Berk Ata Alpay

I studied computer science and math during my undergrad at the University of Connecticut. I'm now a PhD student in the Systems, Synthetic, and Quantitative Biology PhD program at Harvard, working in Michael Desai's lab. I like working on a wide range of problems but my interests are mainly in protein fitness landscapes, antibodies, and Bayesian statistics.


Drug Discov. Today

Evaluating molecular fingerprint-based models of drug side effects against a statistical control [link]

The AUC and AUPR are metrics commonly used to evaluate models that predict the side effects of drugs using their molecular features. These models predict a matrix of drugs' associated side effects. However, the baseline AUC and AUPR can be high depending on the statistical properties of this matrix.

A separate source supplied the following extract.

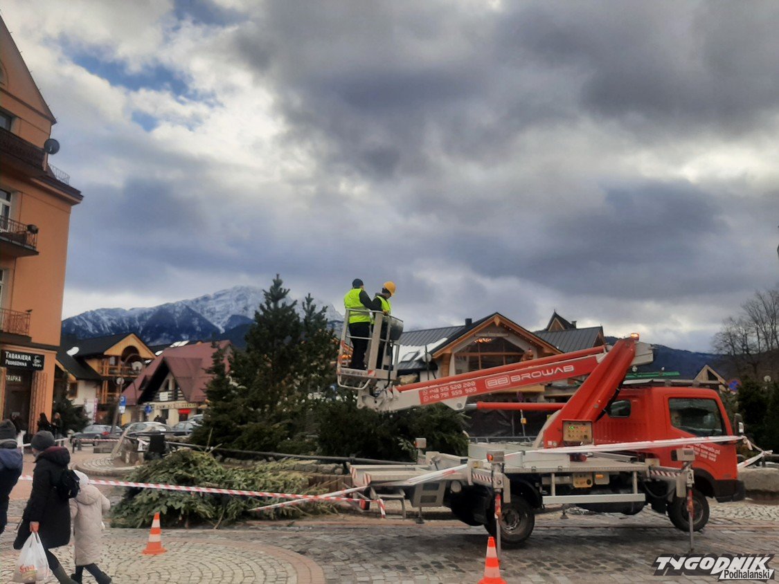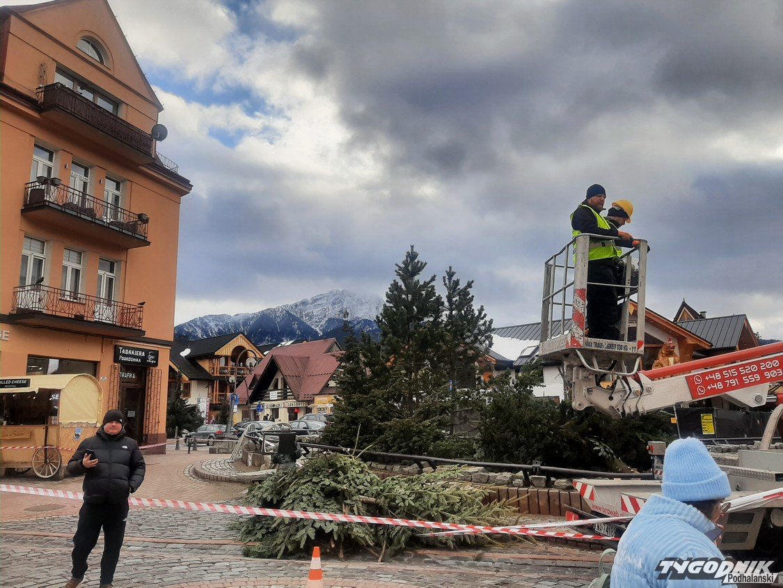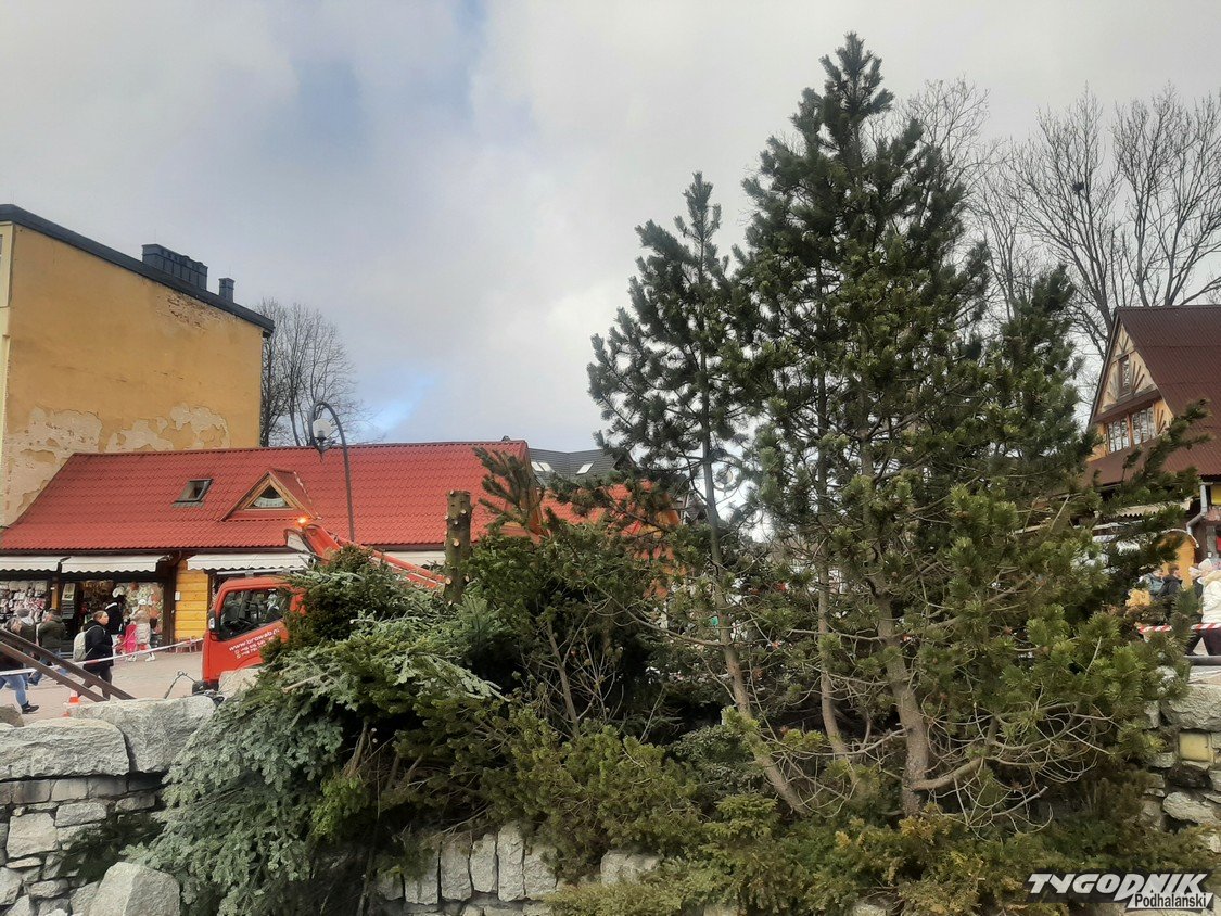 Ekipa służb miejskich rozebrała choinkę przy oczku wodnym na Krupówkach, drzewko pocięto na miejscu.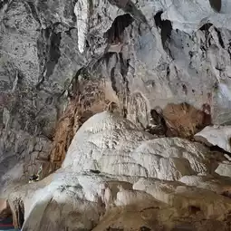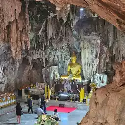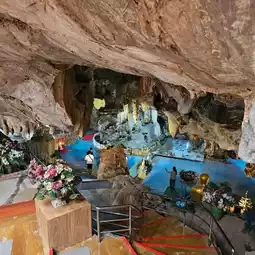 Wat Tham Phu Wa, Kanchanaburi is a temple outside the city, located on the edge of a mountain. It is a temple with a large cave hall. In front of the cave is a large ancient Khmer sandstone castle in brown and red. It is large and has beautiful patterns. The surrounding atmosphere is surrounded by mountains and flowers. It is shady and clean. When walking into the cave, there are beautiful stalactites and stalagmites. The inside of the cave is quite clean. The floor is covered with marble tiles. It is well maintained and has good ventilation. During holidays, there are many Thai and foreign tourists and pilgrims. There is also a large area outside. It can park thousands of cars. The temple is also suitable for meditation and outdoor activities. It can accommodate more than 300-500 people.

We analyze this dependence, take it into account, and ask: to what degree do models actually benefit from molecular fingerprints?


Combinatorial and statistical prediction of gene expression from haplotype sequence [link]

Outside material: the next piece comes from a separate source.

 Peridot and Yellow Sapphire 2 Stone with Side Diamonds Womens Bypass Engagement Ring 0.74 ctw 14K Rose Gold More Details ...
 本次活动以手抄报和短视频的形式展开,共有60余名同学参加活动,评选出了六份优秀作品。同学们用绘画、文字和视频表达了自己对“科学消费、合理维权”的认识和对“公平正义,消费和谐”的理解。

Computational gene expression prediction can combine the statistical power and biological insights of transcriptome-wide association studies with the genetic signals discovered by genome-wide association studies. However, current methods are not accurate for many genes. Our models relax the independence of genetic markers to more accurately predict a large subset of genes.


Dynamic modeling of power outages caused by thunderstorms [link]

Thunderstorms are complex phenomena that cause substantial power outages in a short period. Predicting these outages is challenging using eventwise models, which summarize the weather dynamics over the entire course of the storm. We developed a framework designed for models to learn the dynamics of thunderstorm-caused outages directly from hourly weather forecasts.